BANGOR, Maine — A 28-year-old Verona Island man pleaded guilty Tuesday to a federal unlawful possession of a firearm charge during an appearance in U.S. District Court.
Court records indicate that investigators found a Hi-Point .380-caliber semiautomatic handgun while conducting a search warrant at the home of Oscar Nunez, U.S. Attorney Thomas Delahanty II said in a news release.

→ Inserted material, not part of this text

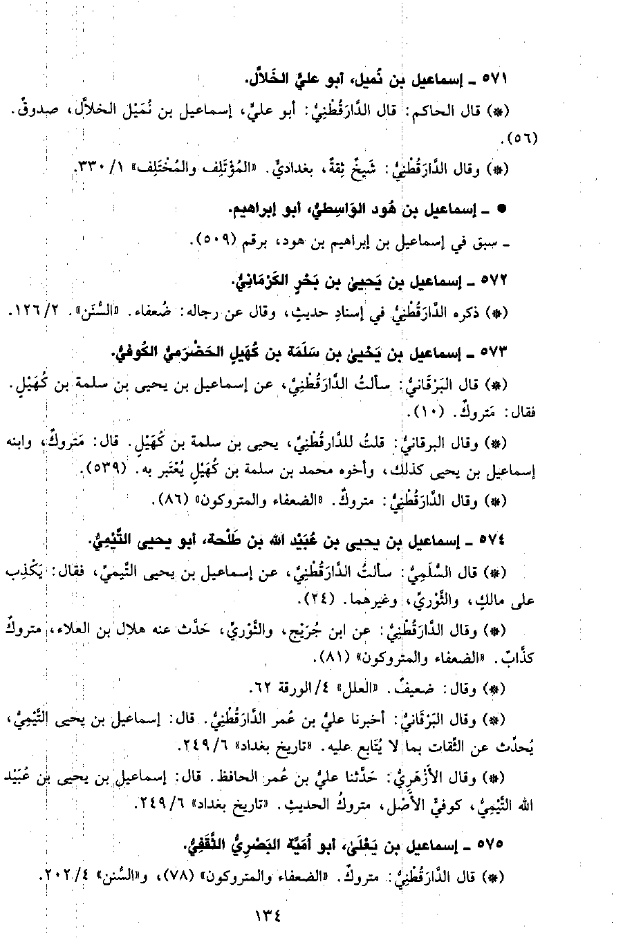 • قال البرقاني: سألت الدَّارَقُطْنِيّ، عن إسماعيل بن يحيى بن سلمة بن كهيل، فقال: متروك. (10) .

A former resident of Bronx, New York, Nunez was prohibited from possessing a firearm because of a felony drug conviction out of New York, Delahanty said. A Maine State Police Crime Lab forensic analyst found Nunez’s DNA on the handgun, he said.
In September of last year, while serving a three-year sentence for selling crack cocaine in Hancock County, Nunez pleaded guilty to arson and criminal threatening in Penobscot County after he set a fire near an Orrington home.
Nunez admitted that in July 2012, he poured gasoline around an Orrington home and set it on fire after shots were fired at the house, endangering, but not injuring, its occupants. The house sustained minor damage from the fire, according to a previously published report.
A sentencing date was not set at that time because Nunez had not yet waived indictment and had not entered a plea with regard to his federal gun charge, his attorney Hunter Tzovarras said.
In a plea agreement with Penobscot County District Attorney R. Christopher Almy, an attempted murder charge will be dismissed at sentencing. The deal calls for Almy to recommend a sentence of 24 years with all but 14 suspended. Tzovarras is expected to argue for less time to serve.
The charges in both counties stemmed from an investigation by the Maine Drug Enforcement Agency, according to a previously published report. Police found 66.1 grams of crack cocaine in Nunez’s Verona Island apartment.
The incident on July 22, 2012, at the home on Johnson Mill Road in Orrington, stemmed from what Nunez believed was his former driver’s interference in the drug operation. The driver was not involved in the drug operation, Almy said last fall. It was not determined who fired the gunshots. Nunez faced up to 30 years in prison and a fine of up to $50,000.
Nunez now faces up to 10 years in prison and a fine of up to $250,000. He will be sentenced after a presentence investigation report is completed by the U.S. Probation Office.
The investigation that led to the firearms charge and subsequent guilty plea was conducted by the Bureau of Alcohol, Tobacco, Firearms and Explosives, state fire marshal’s office, Maine Drug Enforcement Agency, Maine State Police, and Hancock and Penobscot county sheriff’s offices.